## GIVEN RECORDS
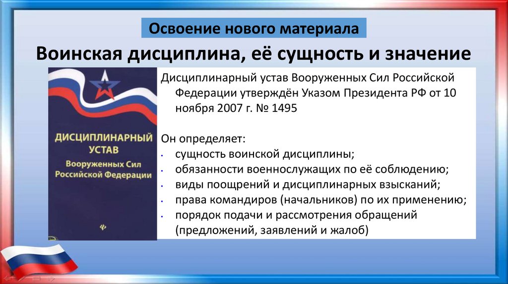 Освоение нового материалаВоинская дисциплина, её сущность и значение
* * *
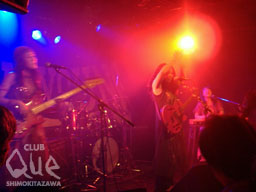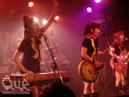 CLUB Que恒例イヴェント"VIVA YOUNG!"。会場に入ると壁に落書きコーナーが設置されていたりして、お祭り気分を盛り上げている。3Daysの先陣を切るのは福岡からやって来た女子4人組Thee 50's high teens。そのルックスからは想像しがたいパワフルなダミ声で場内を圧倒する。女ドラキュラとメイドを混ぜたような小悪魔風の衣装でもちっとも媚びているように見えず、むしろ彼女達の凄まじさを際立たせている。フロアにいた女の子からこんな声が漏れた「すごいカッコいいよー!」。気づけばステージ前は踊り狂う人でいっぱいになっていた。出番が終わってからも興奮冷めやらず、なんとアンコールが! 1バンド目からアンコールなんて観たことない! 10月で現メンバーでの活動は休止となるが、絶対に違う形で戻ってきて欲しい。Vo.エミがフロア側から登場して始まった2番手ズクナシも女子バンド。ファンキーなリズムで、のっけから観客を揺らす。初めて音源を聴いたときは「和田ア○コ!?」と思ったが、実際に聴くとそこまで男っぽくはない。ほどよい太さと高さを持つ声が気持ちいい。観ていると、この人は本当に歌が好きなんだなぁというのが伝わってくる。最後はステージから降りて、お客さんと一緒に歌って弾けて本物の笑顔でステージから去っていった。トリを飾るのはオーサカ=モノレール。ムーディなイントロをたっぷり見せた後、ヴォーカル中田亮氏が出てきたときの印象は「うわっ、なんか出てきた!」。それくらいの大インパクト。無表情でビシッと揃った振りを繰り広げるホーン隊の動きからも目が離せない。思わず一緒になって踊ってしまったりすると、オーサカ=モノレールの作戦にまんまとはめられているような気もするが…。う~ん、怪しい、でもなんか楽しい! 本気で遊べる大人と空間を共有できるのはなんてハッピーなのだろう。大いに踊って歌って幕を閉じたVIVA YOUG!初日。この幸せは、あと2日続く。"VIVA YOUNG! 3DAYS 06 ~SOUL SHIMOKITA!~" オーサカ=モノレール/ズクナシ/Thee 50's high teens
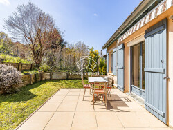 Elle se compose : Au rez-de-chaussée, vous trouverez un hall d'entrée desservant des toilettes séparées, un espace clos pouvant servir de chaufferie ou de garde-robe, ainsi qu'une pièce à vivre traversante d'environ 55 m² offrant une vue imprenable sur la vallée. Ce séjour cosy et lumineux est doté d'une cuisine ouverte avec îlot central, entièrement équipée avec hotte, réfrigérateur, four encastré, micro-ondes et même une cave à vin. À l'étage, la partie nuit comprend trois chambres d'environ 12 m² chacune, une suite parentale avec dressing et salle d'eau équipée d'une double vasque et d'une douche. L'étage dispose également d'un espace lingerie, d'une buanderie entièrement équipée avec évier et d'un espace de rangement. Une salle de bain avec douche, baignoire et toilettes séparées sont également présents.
---
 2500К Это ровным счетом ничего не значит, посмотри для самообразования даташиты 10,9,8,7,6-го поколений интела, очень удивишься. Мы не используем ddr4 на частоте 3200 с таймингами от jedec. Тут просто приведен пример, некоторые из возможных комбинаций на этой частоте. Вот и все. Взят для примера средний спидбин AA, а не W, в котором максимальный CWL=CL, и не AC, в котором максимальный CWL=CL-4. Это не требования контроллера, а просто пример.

## WHAT THIS TASK INVOLVES
Return only the part above that opens with the line containing "オーサカ=モノレール/ズクナシ/Thee 50's high teens" and closes with the line containing "Elle se compose", exactly and with both ends, skipping the pictures.

## TASK RESULT
 CLUB Que恒例イヴェント"VIVA YOUNG!"。会場に入ると壁に落書きコーナーが設置されていたりして、お祭り気分を盛り上げている。3Daysの先陣を切るのは福岡からやって来た女子4人組Thee 50's high teens。そのルックスからは想像しがたいパワフルなダミ声で場内を圧倒する。女ドラキュラとメイドを混ぜたような小悪魔風の衣装でもちっとも媚びているように見えず、むしろ彼女達の凄まじさを際立たせている。フロアにいた女の子からこんな声が漏れた「すごいカッコいいよー!」。気づけばステージ前は踊り狂う人でいっぱいになっていた。出番が終わってからも興奮冷めやらず、なんとアンコールが! 1バンド目からアンコールなんて観たことない! 10月で現メンバーでの活動は休止となるが、絶対に違う形で戻ってきて欲しい。Vo.エミがフロア側から登場して始まった2番手ズクナシも女子バンド。ファンキーなリズムで、のっけから観客を揺らす。初めて音源を聴いたときは「和田ア○コ!?」と思ったが、実際に聴くとそこまで男っぽくはない。ほどよい太さと高さを持つ声が気持ちいい。観ていると、この人は本当に歌が好きなんだなぁというのが伝わってくる。最後はステージから降りて、お客さんと一緒に歌って弾けて本物の笑顔でステージから去っていった。トリを飾るのはオーサカ=モノレール。ムーディなイントロをたっぷり見せた後、ヴォーカル中田亮氏が出てきたときの印象は「うわっ、なんか出てきた!」。それくらいの大インパクト。無表情でビシッと揃った振りを繰り広げるホーン隊の動きからも目が離せない。思わず一緒になって踊ってしまったりすると、オーサカ=モノレールの作戦にまんまとはめられているような気もするが…。う~ん、怪しい、でもなんか楽しい! 本気で遊べる大人と空間を共有できるのはなんてハッピーなのだろう。大いに踊って歌って幕を閉じたVIVA YOUG!初日。この幸せは、あと2日続く。"VIVA YOUNG! 3DAYS 06 ~SOUL SHIMOKITA!~" オーサカ=モノレール/ズクナシ/Thee 50's high teens
 Elle se compose : Au rez-de-chaussée, vous trouverez un hall d'entrée desservant des toilettes séparées, un espace clos pouvant servir de chaufferie ou de garde-robe, ainsi qu'une pièce à vivre traversante d'environ 55 m² offrant une vue imprenable sur la vallée. Ce séjour cosy et lumineux est doté d'une cuisine ouverte avec îlot central, entièrement équipée avec hotte, réfrigérateur, four encastré, micro-ondes et même une cave à vin. À l'étage, la partie nuit comprend trois chambres d'environ 12 m² chacune, une suite parentale avec dressing et salle d'eau équipée d'une double vasque et d'une douche. L'étage dispose également d'un espace lingerie, d'une buanderie entièrement équipée avec évier et d'un espace de rangement. Une salle de bain avec douche, baignoire et toilettes séparées sont également présents.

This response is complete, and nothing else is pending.